Almost every celebrated painter has at some time in his life sat for his portrait. Many have painted their own likenesses, not so much from motives of vanity, but as a matter of artistic interest. Others have posed as models to their fellow painters.

Correggio was an exception in this regard. The old biographer Vasari made many efforts to procure a portrait, and concluded that "he never took it himself, nor ever had it taken by others, seeing that he lived much in retirement."

In the northern part of Italy is the little town of Correggio, which gave its name to the painter whose works we are to study. His real name was Antonio Allegri, but in the sixteenth century a man would often be called by a nickname referring to some peculiarity, or to his birthplace. When Allegri went to Parma he was known as Antonio da Correggio, that is, Antonio from Correggio, and the name was then shortened to Correggio.

The art of Correggio was very justly summed up by his first biographer, Vasari.
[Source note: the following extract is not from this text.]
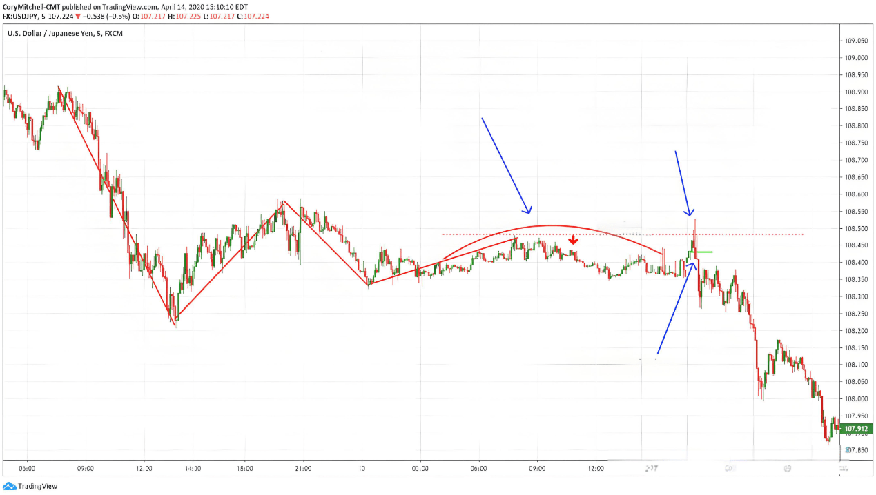 False breakouts can happen. Sometimes the price will make a brief, rapid surge in the opposite direction, but if this surge fails quickly and all signs still point to lower prices, we hope to re-enter this trade. Price action still shows downward potential. The concept associated with false breakouts is false reversals. This refers to trends that seem to be reversing but then quickly return to the original trend direction.

The first biographer of Correggio was Vasari, in whose "Lives of the Painters, Sculptors, and Architects" is included a brief account of this painter. The student should read this work in the last edition annotated by E. H. and E. W. Blashfield and A. A. Hopkins. Passing over the studies of the intervening critics, Julius Meyer's biography may be mentioned next, as an authoritative work, practically alone in the field for some twenty-five years. This was translated from the German by M. C. Heaton, and published in London in 1876.